Comparisons with the 1918 Spanish Influenza outbreak have long been drawn ever since Covid-19 began in Dec 2019. Now, a study published in Nature Communications sheds light on the genome of the Influenza A H1N1 virus that was responsible for the pandemic outbreak.
Patrono et al. (2022) combed through multiple museums in Europe for tissues that would yield RNA fragments of the H1N1 virus. Out of the thirteen lung tissue samples sourced from medical archives in Germany (Berlin and Munich) and Austria (Vienna), the researchers report one complete and two partial influenza A virus (IAV) genomes (ie a total of three).
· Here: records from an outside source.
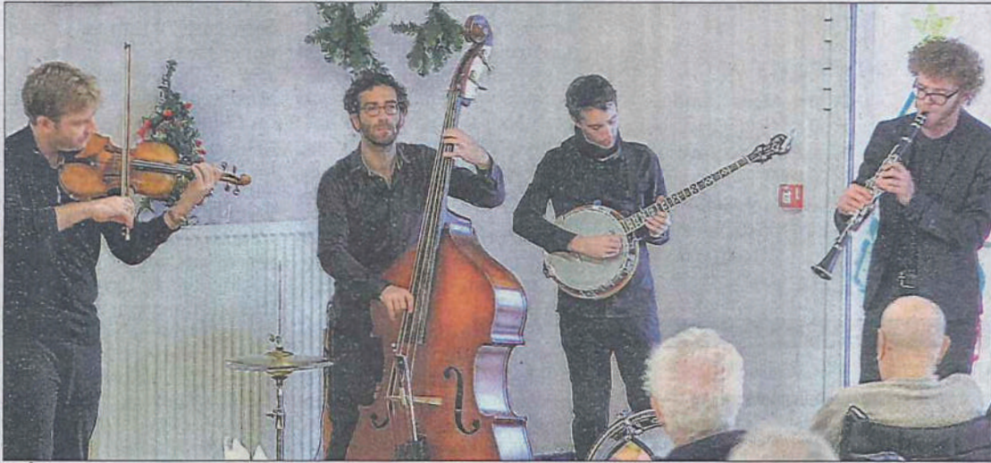
Maurice Klezmer est un groupe de quatre jeunes mélomanes joyeux.

Ce 1 er janvier, à l'Ehpad Les Gentianes, les résidents ont assisté à un concert musical du groupe Maurice Klezmer, composé de quatre musiciens (clarinette, violon, contrebasse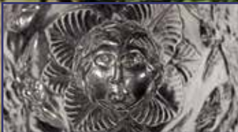
Indul a visszaszámlálás: péntektől Fehérváron a Seuso-kincs! 14-17. oldal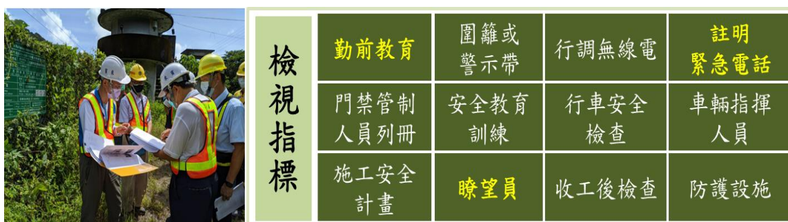
圖 1 臺鐵局臨軌在建工程 12 項檢視項目

加強各工地安全管理，派專人保管工地大門鑰匙，管制人員進出，並於工地設置 CCTV 或電子圍籬，實施強化安全控管，如圖 1 所示。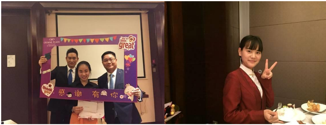
酒店评选的优秀毕业生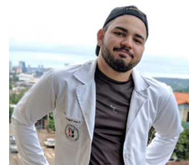
Ícaro enfrenta falta de produtos no Paraguai

This is not the first time the virus’s genome has been sequenced from preserved tissues. Working independently, Xiao et al. (2013) and Taubenberger et al. (2019) reconstructed complete influenza A virus (IAV) genomes from two individuals who had died in New York (Sep 1918) and Alaska (Nov 1918) respectively. While these genomes conclusively established an origin in birds, they had a bit of a drawback. Both these genomes were of individuals who died in autumn 1918, that is, the second wave of the pandemic, and, therefore, revealed nothing about the mutations the virus would have gone through during the first wave.
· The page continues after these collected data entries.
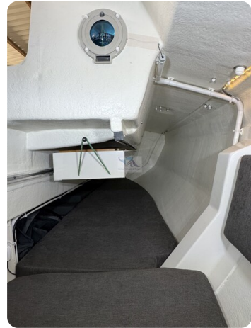
Bente 24 MUGGEL 52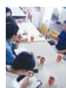
社員さんの話を伺う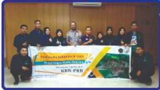
Universitas Sebelas Maret, Jawa Tengah Tahun 2018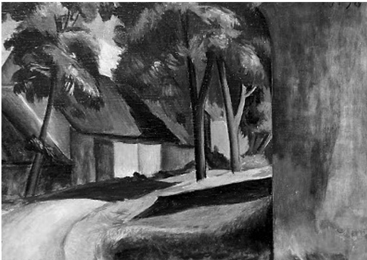
Alfred Justitz, Krajina / Pohled na dům a stromy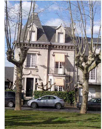
villa individuelle 1920-1940 17 square Gaston Hylaïre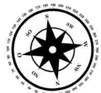
Unverbindliche Illustration (Planung)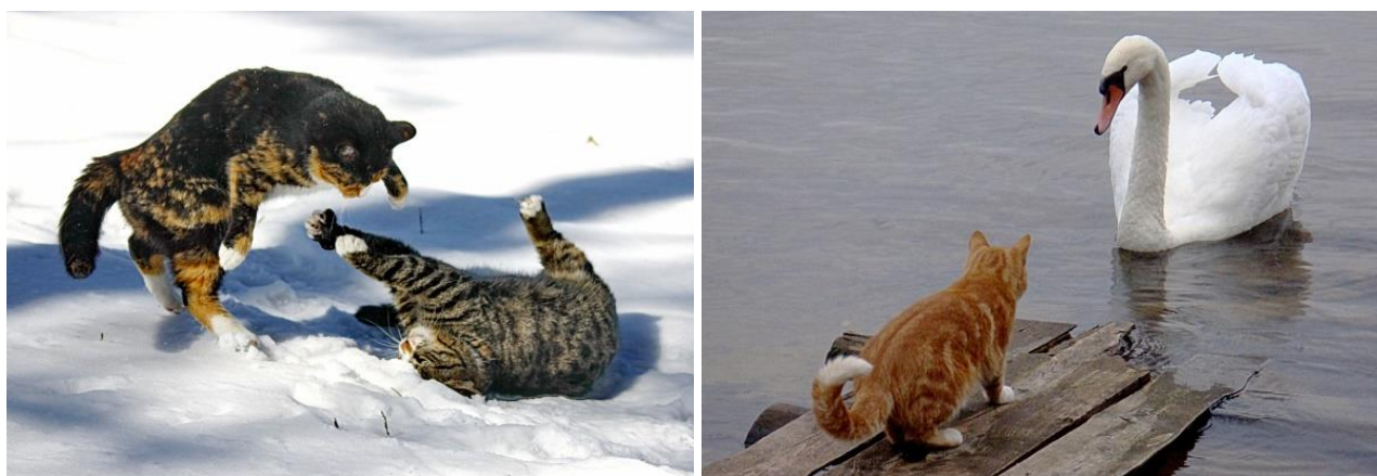
Рис. 4. Слева – игра кошек (дочь нападает на мать). Справа – добыча желанна, но «не по зубам».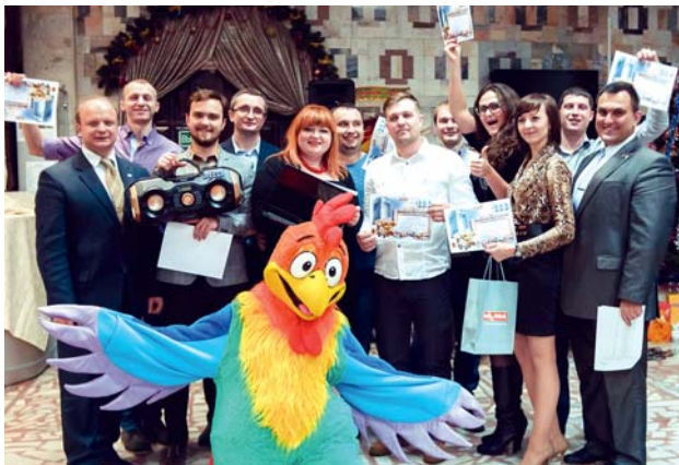
Удачи — лидерам!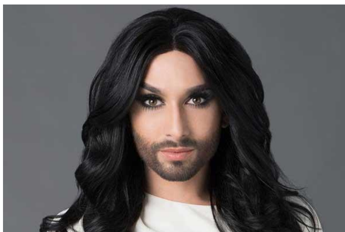
Obrázek 13 – Conchita Wurst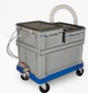
60 A0029 00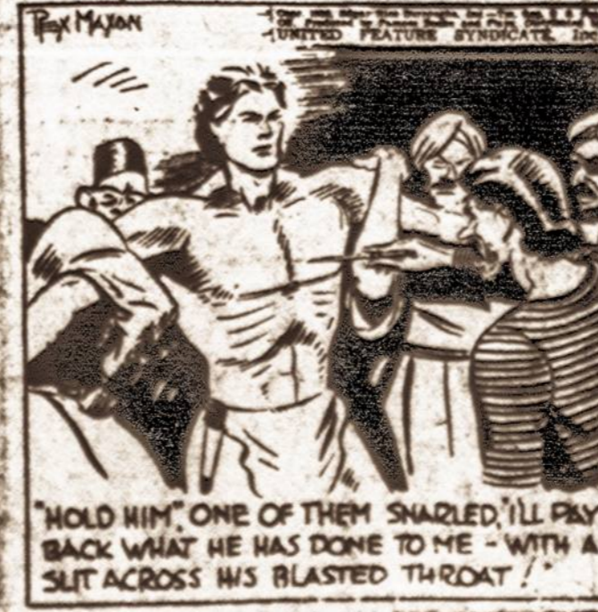
"HOLD HIM, ONE OF THEM SHARLED, 'LL PAY BACK WHAT HE HAS DONE TO ME - WITH A SLIT ACROSS HIS BLASTED THROAT!"

Kas bus toliau— išrinkite kitame Vienybės numery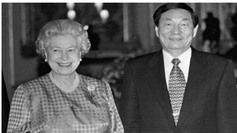
朱镕基1998年访问英国时和英国女王会面。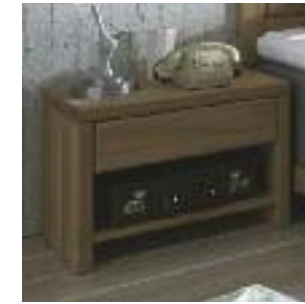
Nachttisch 1A: Freistehend, Höhe 45 cm Night table 1A: Freestanding, height 45 cm Table de chevet 1A: Non fixé, hauteur 45 cm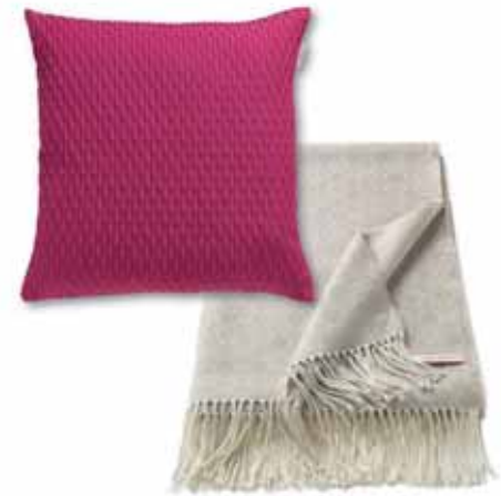
PLAID DORO 150 x 180 cm € 49,99 CUSHION COVER BEAT 45 x 45 cm € 15,99

The IAV genome shows a unique capability of gene reassortment. The genome consists of eight genes, and in the event of a cell being infected by more than one strain of a gene, the genome can rearrange the order in which the genes appear by a process called reassortment. Worobey et al. (2014) established that reassortment had taken place between the 1918 H1N1 virus and another virus, which created a new lethal virus with more pathogenicity. Additionally, previous research had also shown that the hemagglutinin (HA) gene and the polymerase complex gene ‘were likely major determinants of this virus pathogenicity.’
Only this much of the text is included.